Lonafarnib, sold under the brand name Zokinvy, is a medication used to reduce the risk of death due to Hutchinson-Gilford progeria syndrome and for the treatment of certain processing-deficient progeroid laminopathies in people one year of age and older.

The most common side effects included nausea, vomiting, headache, diarrhea, infection, decreased appetite and fatigue.

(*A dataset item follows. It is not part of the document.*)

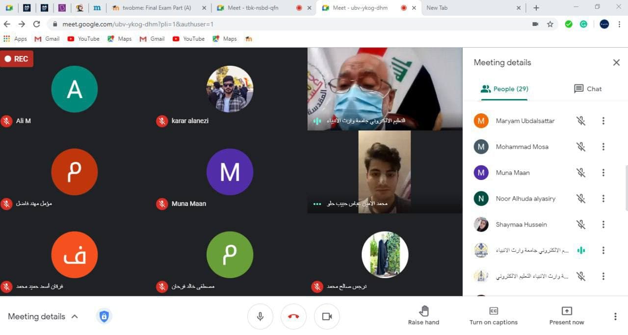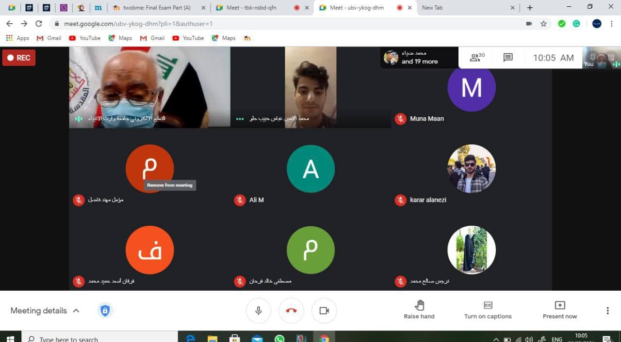 زار السيد رئيس جامعه وارث الأنبياء (ع) الأستاذ الدكتور طالب حسن موسى عدد من القاعات الامتحان الإلكتروني لقسم هندسه الطب الحياتي حيث قام بالتحدث مع عدد من الطلبة اضافة الى اعضاء اللجنة الامتحانية و التدريسيين المراقبين وأشاده بالجهود المبذولة والتنظيم العالي وأبدى شكره وامتنانه للقائمين على آلية سير الامتحانات الإلكترونية.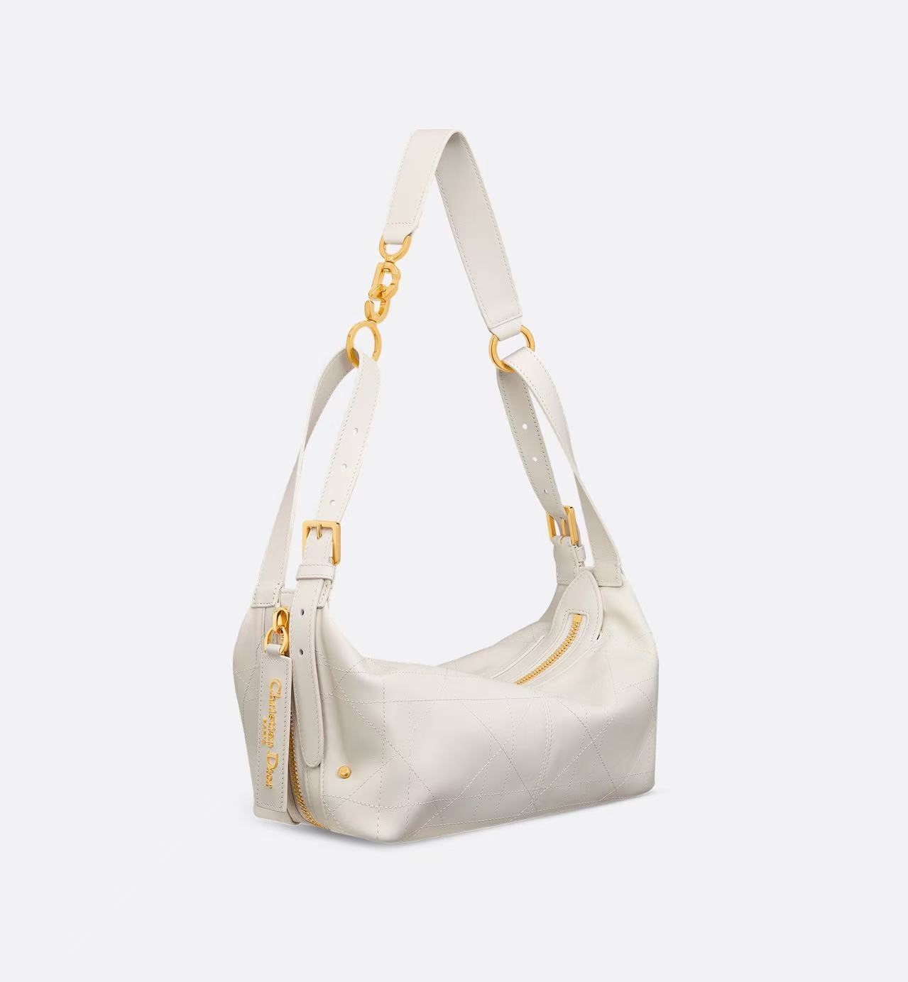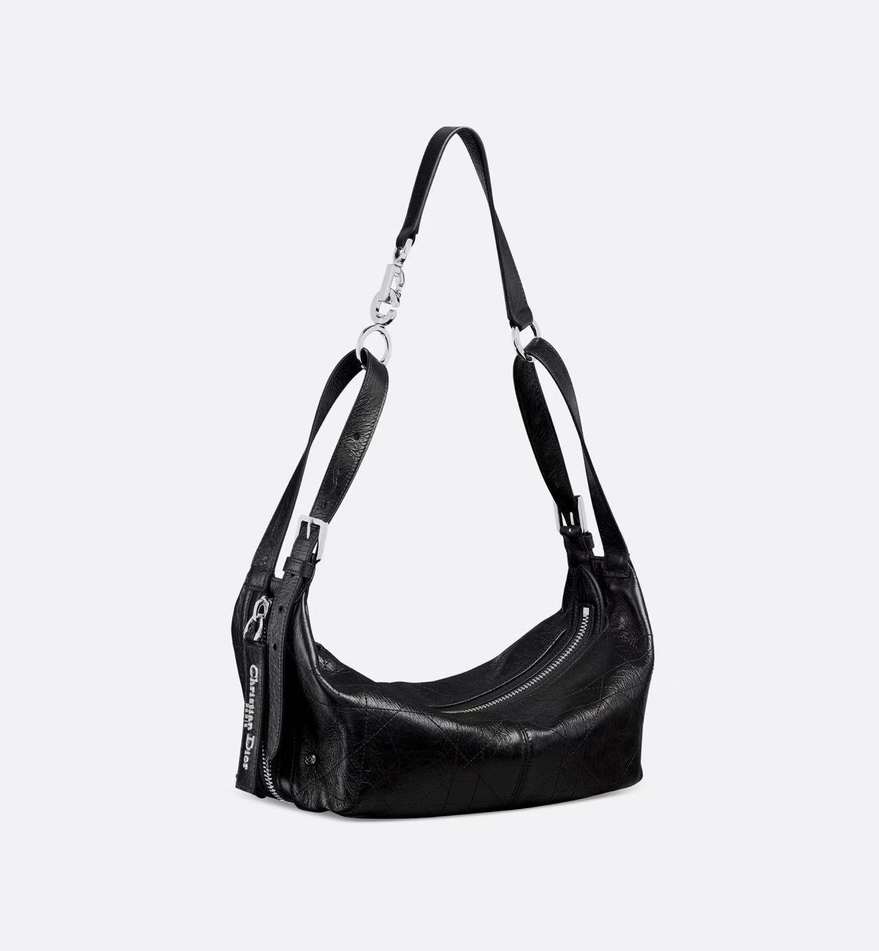 Black crinkled calfskin leather with flat oversized cannage pattern

Lonafarnib was approved for medical use in the United States in November 2020, and in the European Union in July 2022. The U.S. Food and Drug Administration (FDA) considers it to be a first-in-class medication.

Medical uses 
Lonafarnib is indicated to be used to reduce the risk of death due to Hutchinson-Gilford progeria syndrome and for the treatment of certain other processing-deficient progeroid laminopathies in people one year of age and older.

Contraindications 
Lonafarnib is contraindicated for co-administration with strong or moderate CYP3A inhibitors and inducers, as well as midazolam and certain cholesterol-lowering medications.

History 
Lonafarnib, a farnesyltransferase inhibitor, is an oral medication that helps prevent the buildup of defective progerin or progerin-like protein. The effectiveness of lonafarnib for the treatment of Hutchinson-Gilford progeria syndrome was demonstrated in 62 patients from two single-arm trials (Trial 1/NCT00425607 and Trial 2/NCT00916747) that were compared to matched, untreated patients from a separate natural history study. Compared to untreated patients, the lifespan of Hutchinson-Gilford progeria syndrome patients treated with lonafarnib increased by an average of three months through the first three years of treatment and by an average of 2.5 years through the maximum follow-up time of 11 years. Lonafarnib's approval for the treatment of certain processing-deficient progeroid laminopathies that are very rare took into account similarities in the underlying genetic mechanism of disease and other available data. The participants were from 34 countries around the world, including the United States.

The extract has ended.